In the scrapbook’s pages, time passes in photographs. Rod, bigger and beardier in his 60s, posing in a straw hat before the Tower of Pisa. Nathan, his face framed by a soft halo of silver hair, smiling beside a gurgling fountain. There is an image of Rod at the Vietnam Veterans Memorial, his eyes trained on the wall of names, his hand hovering at his mouth.
They had lost many friends to the war, and later, to the AIDS epidemic. But Rod kept drawing new people into his orbit with his generosity, Nathan says. When a neighbor lost a job, Rod left bags of groceries on the front step. When his niece got married, he paid off her student loans as a gift. He spent much of his free time scouring public records online in search of other veterans, determined to reunite as many of his former servicemen as possible.
It wasn’t until 2004, after attending Marine Corps reunions together for decades - as medics, they’d both frequently treated Marines - that Rod told their fellow veterans that the two were a couple, not just good friends.
“I was apprehensive,” Nathan says, “But there was no judgment. Everyone was accepting.” Many of the veterans were socially conservative, “but when it’s someone they know, when it’s close to home, it makes a big difference.”

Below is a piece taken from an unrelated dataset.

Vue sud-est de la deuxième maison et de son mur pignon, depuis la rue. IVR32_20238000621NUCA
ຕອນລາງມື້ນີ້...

It was one of their military friends who first urged them to get married. And they did, just days after the Supreme Court’s landmark ruling in June 2013 made it legal, with a simple ceremony at their local courthouse.
That was three years after doctors found the prostate cancer, during a bladder surgery in 2010; the disease was already at Stage 4. For nearly seven years, radiation and chemotherapy controlled its spread. Last May, the couple took their final trip abroad together, to Spain. It was the first time Rod had to use a wheelchair.

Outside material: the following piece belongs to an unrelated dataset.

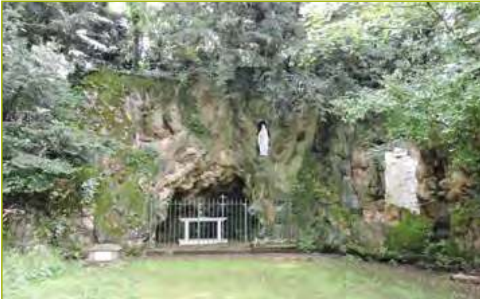
La reproduction de la grotte de Lourdes dans le domaine des Ursulines de Jésus à Chavagnes-en-Paillers.

Elle se trouve à Chavagnes-en-Paillers dans le domaine des Ursulines de Jésus. Un certain nombre de religieuses de cette congrégation, parmi lesquelles la supérieure, participaient au pèlerinage de septembre 1872. À leur retour, la décision fut prise de reconstituer la Grotte auprès de leur maison mère. La communauté disposait là d'un site très favorable. Une haute paroi rocheuse rappelait celle de Lourdes. À proximité, la Petite Maine pouvait opportunément figurer un Gave de Pau qui, une fois descendu des Pyrénées, aurait ralenti son cours. Le terrassement fut entrepris en mai 1874, et voici qu'une source inconnue fut découverte du même côté qu'à Lourdes ! Des rocailliers de Nantes vinrent prolonger l'excavation pratiquée dans le rocher et donner à l'ouvrage son aspect définitif.
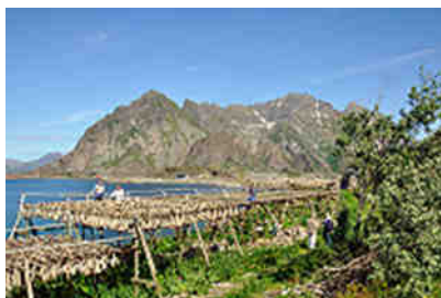
Stockfischernte in Henningsvær

Die ständig wechselnde Kulisse verengt sich, dehnt sich über weite Flächen aus und erhält einen weiteren Reiz durch die vielen roten, blauen und gelben Farbtupfer auf dem Grün der Wiesen in Form ferner Hütten und Häuschen. Ein weiterer Anziehungspunkt sind die kleinen Fischerorte mit ihren ursprünglichen Hafenanlagen, den vielen Booten und Fischerkähnen, den auf Stelzen im Wasser stehenden Hüttenensembles und den allerorts voll mit trocknenden Dorschen behängten Stockfischgestellen.

Nathan doesn’t like to think about Rod’s decline, how he lost 112 pounds in his final months. But the day before he died in January, they watched “De-Lovely,” a musical biopic about Cole Porter, and Rod sang every song and applauded the closing credits. A few friends came to visit, and Rod told them jokes, determined to make them laugh.

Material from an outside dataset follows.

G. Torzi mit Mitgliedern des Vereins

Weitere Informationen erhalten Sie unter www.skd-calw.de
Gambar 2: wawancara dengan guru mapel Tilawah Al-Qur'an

At the end, Rod was at peace with his own life, Nathan says. His only concern: “He wanted to make sure I was going to be all right.”
Nathan, now 72, feels himself changing in Rod’s absence; now he’s the one who starts conversations with strangers, sharing things he once considered too personal. And he likes talking about Rod: “I’m proud of the life we had together.”
When Nathan told the Montgomery County Fair judges that Rod had died, they created an annual memorial award in his honor: The Rod “Doc” Hardin Crochet Award. Rod won it for the first and last time in August, a recognition of his work over many years at the fair. Nathan found out when he visited the fair and saw the purple ribbon displayed beside the afghan.
This month, Nathan will return alone to Italy - Florence, their favorite city - and he’ll leave some of Rod’s ashes there. He’ll spend Thanksgiving away from home for the first time in many years, visiting his sisters in Virginia. He thinks he might adopt a little dog to keep him company.
The closet upstairs is filled with dozens of blankets that Rod made over the years, and most will be given to the people who knew and loved him. But his final, prizewinning afghan - “I’m keeping that one,” Nathan says.
He won’t tuck it away in a drawer, or display it on a wall. It gets cold in their house, with its tall ceilings and many windows. So when winter comes, his husband’s last work of art will keep him warm.